Development Pipeline


OncoMed has eight therapeutic candidates currently in clinical development targeting cancer stem cell pathways and immuno-oncology. All of the therapeutic candidates in our pipeline were discovered by OncoMed scientists using our in-depth knowledge of cancer biology, antibody engineering and a number of proprietary technologies to aid in ongoing drug discovery, candidate validation and predictive biomarker efforts.


Demcizumab (Anti-DLL4, OMP-21M18)

Demcizumab is a monoclonal antibody that selectively targets Delta-like ligand 4 (DLL4), an activator of the Notch signaling pathway. The Notch pathway is known to be important in cancer stem cells and cancer. Blocking DLL4 has been shown in preclinical studies to result in anti-tumor activity via multiple mechanisms, including inhibiting cancer stem cell growth and promoting cell differentiation, disrupting angiogenesis and potentially enhancing anti-tumor immune response.

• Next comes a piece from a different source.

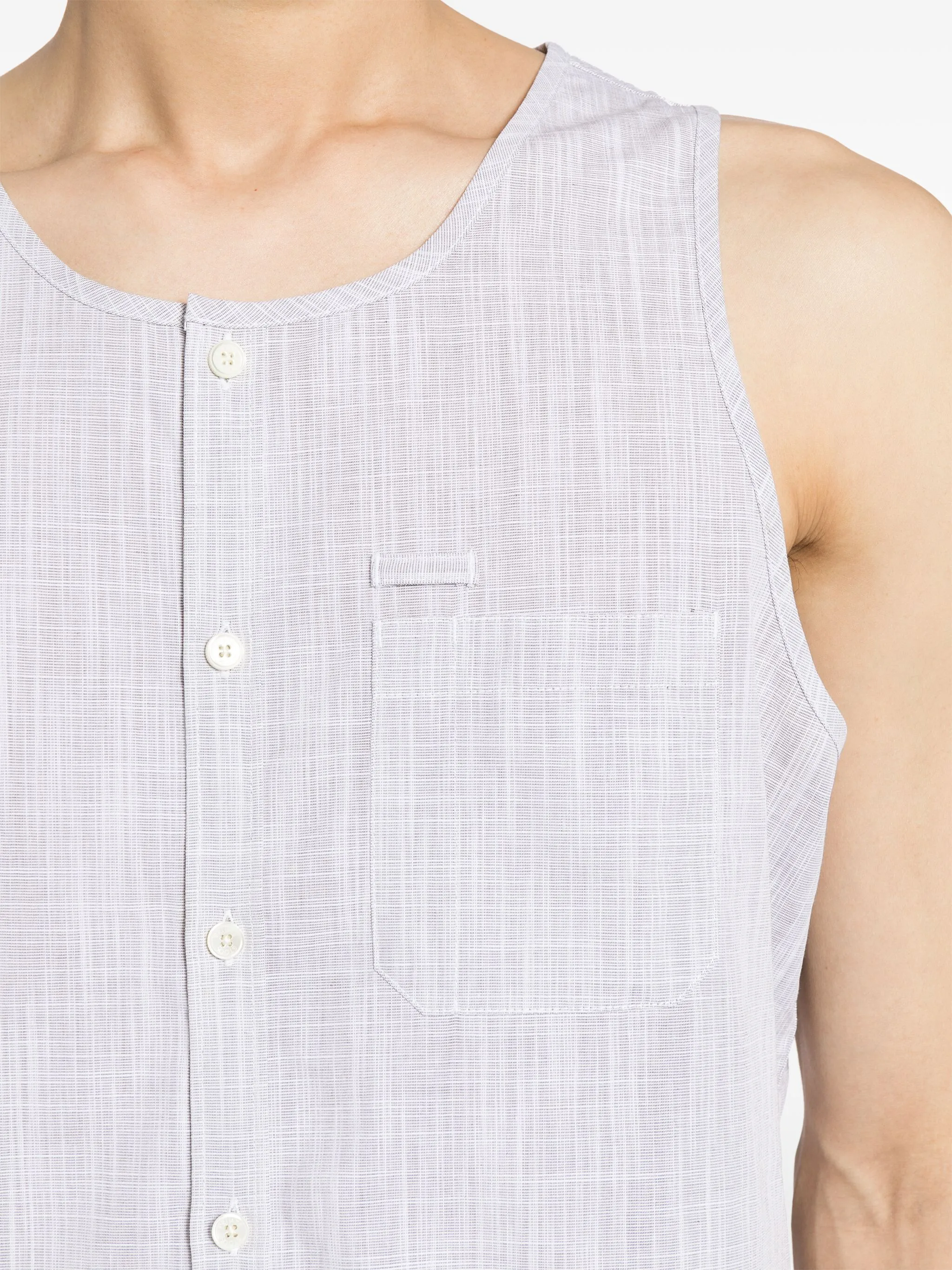 Кремовый, смесь хлопка и льна, переплетенный дизайн, круглый вырез, застежка на пуговицах спереди, без рукавов, нагрудный накладной карман и закругленный подол.

In Phase 1a clinical studies, single-agent demcizumab demonstrated early evidence of durable anti-tumor responses. Results from Phase 1b studies of demcizumab plus standard-of-care chemotherapy in the first-line treatment of patients with advanced non-small cell lung cancer (NSCLC) and pancreatic cancer demonstrated safety, anti-tumor responses and encouraging signals of prolonged survival benefit.

A Phase 2 trial to assess the efficacy of demcizumab with carboplatin and pemetrexed in 82 first-line non-squamous NSCLC is expected to read out in the first half of 2017. A Phase 1b trial assessing the combination of demcizumab plus pembrolizumab (anti-PD1, Keytruda®) in solid tumor patients is ongoing. Top-line results from the company’s Phase 2 clinical trial of demcizumab in combination with Abraxane® plus gemcitabine in previously untreated patients with metastatic pancreatic cancer did not meet the primary endpoint of progression-free survival. Additionally, the interim median overall survival analysis did not show a benefit for demcizumab in combination with Abraxane plus gemcitabine compared to the Abraxane, gemcitabine plus placebo arm. Clinical enrollment is complete in these studies.

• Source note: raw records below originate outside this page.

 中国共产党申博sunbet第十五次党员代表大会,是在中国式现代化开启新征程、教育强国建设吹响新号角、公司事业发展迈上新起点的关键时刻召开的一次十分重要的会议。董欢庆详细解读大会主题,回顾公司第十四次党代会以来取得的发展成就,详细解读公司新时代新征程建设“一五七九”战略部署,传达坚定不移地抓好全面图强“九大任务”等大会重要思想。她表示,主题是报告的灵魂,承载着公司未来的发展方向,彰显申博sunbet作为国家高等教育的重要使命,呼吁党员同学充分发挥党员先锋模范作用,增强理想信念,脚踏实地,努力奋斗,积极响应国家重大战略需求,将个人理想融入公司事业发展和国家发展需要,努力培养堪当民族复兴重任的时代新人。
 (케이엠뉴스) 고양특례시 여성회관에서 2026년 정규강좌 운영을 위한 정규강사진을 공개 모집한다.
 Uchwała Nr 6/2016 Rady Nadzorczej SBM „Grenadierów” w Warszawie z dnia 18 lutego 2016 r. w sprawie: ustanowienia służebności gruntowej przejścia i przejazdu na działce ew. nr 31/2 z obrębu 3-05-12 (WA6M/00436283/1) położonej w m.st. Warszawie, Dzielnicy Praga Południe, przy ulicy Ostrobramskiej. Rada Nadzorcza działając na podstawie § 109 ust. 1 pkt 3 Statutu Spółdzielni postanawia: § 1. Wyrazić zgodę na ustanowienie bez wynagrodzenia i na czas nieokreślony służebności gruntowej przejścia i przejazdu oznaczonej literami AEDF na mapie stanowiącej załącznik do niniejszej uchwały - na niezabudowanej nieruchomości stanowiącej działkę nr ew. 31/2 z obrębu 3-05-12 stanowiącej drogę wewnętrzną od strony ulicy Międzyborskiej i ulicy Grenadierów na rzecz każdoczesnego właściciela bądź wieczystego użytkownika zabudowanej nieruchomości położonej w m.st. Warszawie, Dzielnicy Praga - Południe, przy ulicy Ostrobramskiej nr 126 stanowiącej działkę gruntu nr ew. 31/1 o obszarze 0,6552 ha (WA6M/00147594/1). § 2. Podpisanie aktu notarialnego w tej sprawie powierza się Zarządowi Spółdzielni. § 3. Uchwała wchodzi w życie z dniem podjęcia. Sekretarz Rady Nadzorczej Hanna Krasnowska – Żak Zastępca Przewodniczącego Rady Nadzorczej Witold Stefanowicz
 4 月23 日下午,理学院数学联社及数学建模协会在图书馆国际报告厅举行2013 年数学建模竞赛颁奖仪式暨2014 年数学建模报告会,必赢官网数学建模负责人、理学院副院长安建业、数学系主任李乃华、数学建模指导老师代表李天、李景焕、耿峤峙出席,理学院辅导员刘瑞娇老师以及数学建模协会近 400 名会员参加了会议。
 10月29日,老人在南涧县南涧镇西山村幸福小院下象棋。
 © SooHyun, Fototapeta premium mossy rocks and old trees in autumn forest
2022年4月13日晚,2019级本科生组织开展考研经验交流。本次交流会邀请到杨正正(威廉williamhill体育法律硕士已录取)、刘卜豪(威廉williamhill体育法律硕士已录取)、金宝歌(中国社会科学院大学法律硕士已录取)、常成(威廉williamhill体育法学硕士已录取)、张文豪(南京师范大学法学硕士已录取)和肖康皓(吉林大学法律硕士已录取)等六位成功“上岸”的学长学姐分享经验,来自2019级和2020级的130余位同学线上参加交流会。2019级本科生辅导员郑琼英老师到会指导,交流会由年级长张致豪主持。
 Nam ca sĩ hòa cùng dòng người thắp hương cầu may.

Demcizumab is part of OncoMed’s collaboration with Celgene Corporation.

The most recent public presentations of the demcizumab clinical studies include:


Tarextumab (Anti-Notch2/3, OMP-59R5)

Tarextumab is a novel anti-cancer stem cell antibody that prevents signaling through both the Notch2 and Notch3 receptors. Tarextumab has been shown in preclinical models to inhibit cancer stem cell growth and promote cell differentiation, as well as disrupt tumor angiogenesis by inhibiting vascular pericytes.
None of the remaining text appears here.